# Growing out a short cut to a long cut



## Snowflake14 (Dec 28, 2014)

Here is Snowflake at 9 months old fresh from her bath. 
I've only ever had her in a puppy cut but have decided to grow out her hair. I think it will be many months before she has a top knot!!!

Any tips on dealing with the short hairs growing out?

Thanks!


----------



## krandall (Jun 11, 2009)

Snowflake14 said:


> Here is Snowflake at 9 months old fresh from her bath.
> I've only ever had her in a puppy cut but have decided to grow out her hair.
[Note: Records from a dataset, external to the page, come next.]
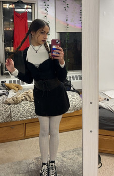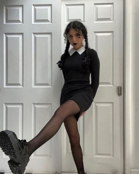 Opt for a black dress, style your hair in two braids, and add a touch of darkness with pale makeup and black lipstick for a spooky chic vibe.
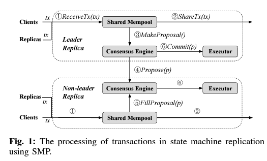 - The implementation of the SMP abstraction modifies the two primitives ReceiveTx(tx) and MakeProposal() used in the traditional Mempool and adds two new primitives ShareTx(tx) and FillProposal(p)
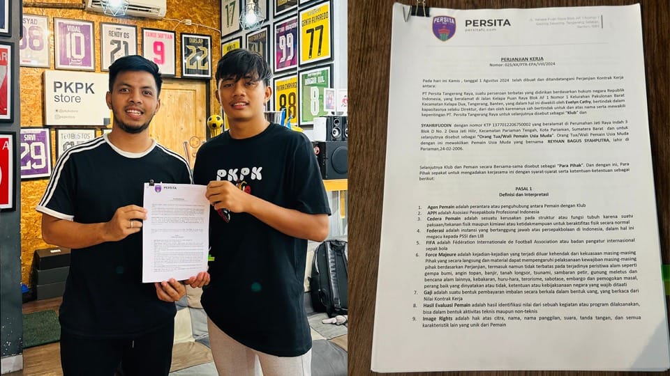 Langgam.id – Satu pemain Persikopa Kota Pariaman, Reyhan Bagus Syahputra, direkrut oleh klub Persita Tangerang. Reyhan pun sudah menandatangani perjanjian kontrak kerja dengan klub tersebut pada Kamis (1/8/2024).

I think it will be many months before she has a top knot!!!
> 
> Any tips on dealing with the short hairs growing out?
> ...


You just sort of have to live with it.  I made the mistake of cutting Kodi's bangs when he was a puppy (even though the rest of his hair was always long) Fortunately, there were several of us on the forum who wanted to grow out bangs at the same time. So we became a little support group for each other. You could probably find the thread if you did a search for it!


----------



## krandall (Jun 11, 2009)

Found them! Here's one: http://www.havaneseforum.com/showthread.php?t=15198&highlight=Growing+out+Top+Knot

and here's another part of it: 
http://www.havaneseforum.com/showthread.php?t=15436&highlight=growing+out+top+knots


----------



## littlebuddy (May 30, 2007)

I think Snowflake looks beautiful.


----------



## Snowflake14 (Dec 28, 2014)

Thanks!


----------